Recientemente se ha publicado el informe Innovation for Access, basado en la encuesta The AI Quagmire de la American Foundation for the Blind (AFB). En AliBlueBox siempre celebramos cómo la inteligencia artificial impulsa nuestra autonomía, pero hoy toca poner la lupa en la letra pequeña. Si nos centramos exclusivamente en las personas ciegas o con baja visión, el estudio revela problemas críticos y riesgos que no podemos pasar por alto.

El peligro de los errores y la "fe ciega"

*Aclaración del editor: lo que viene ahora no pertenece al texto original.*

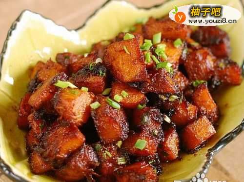 4倒入烧汁,大火收汁,并不停翻炒,使南瓜丁均匀裹上烧汁 出锅时多撒些葱花,香喷喷的干烧南瓜就做好了

Profundizando en los datos de la investigación original, el 21 % de los usuarios ciegos o con baja visión reportó que los errores de la IA les habían causado algún perjuicio, frente a solo el 9 % de los usuarios sin discapacidad. El motivo principal es evidente: la incapacidad para confirmar visualmente la precisión de la imagen o del entorno que la herramienta nos está describiendo. Mientras que una persona vidente puede detectar rápidamente una alucinación del sistema, nosotros dependemos de que la respuesta sea exacta.

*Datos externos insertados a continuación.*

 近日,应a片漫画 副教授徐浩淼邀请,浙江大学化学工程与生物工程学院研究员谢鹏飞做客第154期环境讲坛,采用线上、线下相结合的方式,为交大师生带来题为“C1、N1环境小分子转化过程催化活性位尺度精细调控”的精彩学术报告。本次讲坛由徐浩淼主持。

Consecuencias legales y médicas

Estos fallos no son simples anécdotas, sino que abarcan desde perjuicios legales hasta verdaderos peligros médicos. El estudio documenta casos muy preocupantes:

  • Un usuario utilizó una IA para leer formularios de impuestos inaccesibles y recibió información tan incorrecta que habría cometido graves errores fiscales de no haberlo consultado con un humano.
  • Otro participante usó la IA para leer la etiqueta de su medicación tópica y el sistema le indicó erróneamente que "masticara 4 tabletas 2 veces al día".

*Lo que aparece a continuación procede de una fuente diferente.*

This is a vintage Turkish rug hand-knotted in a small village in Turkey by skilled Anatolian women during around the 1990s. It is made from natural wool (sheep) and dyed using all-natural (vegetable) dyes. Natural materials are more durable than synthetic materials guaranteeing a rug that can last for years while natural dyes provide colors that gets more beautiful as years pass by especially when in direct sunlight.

Accesibilidad en la captura y la amenaza a la privacidad

Además de la precisión de las descripciones generadas por la IA, el informe subraya otras dos grandes barreras para nuestro colectivo:

  • Falta de guiado no visual: Muchas aplicaciones no ofrecen asistencia para encuadrar bien la foto o manejar la interfaz. Los usuarios demandan indicaciones eficaces del tipo "mueve la cámara hacia la izquierda o hacia la derecha" o que la linterna del teléfono se encienda de manera automática si hay poca luz, ya que de lo contrario, la IA analizará una imagen deficiente.
  • El dilema de la privacidad: A menudo nos vemos obligados a elegir entre la eficiencia de la herramienta y proteger nuestra intimidad. Los encuestados mostraron que la privacidad de sus datos es tan o más importante que la independencia obtenida. Por ello, se recomienda ofrecer opciones claras para procesar la información en el propio dispositivo y excluir siempre los datos sensibles del entrenamiento de la IA.

Conclusión de AliBlueBox

La inteligencia artificial es una revolución para nuestro día a día, pero los desarrolladores deben escuchar activamente nuestras necesidades de interfaz y seguridad de datos. Para una persona ciega, un error de lectura no es un simple fallo técnico: puede suponer un riesgo real para su salud o su economía.

¿Te ha dado alguna vez una IA información peligrosa o totalmente inventada al leer un documento importante? Cuéntanos tu experiencia en los comentarios.

Bibliografía

  • Hanuschock, W. E. & Silverman, A. M. (2026). Innovation for Access: AI and Its Use as Assistive Technology for People with Disabilities. American Foundation for the Blind.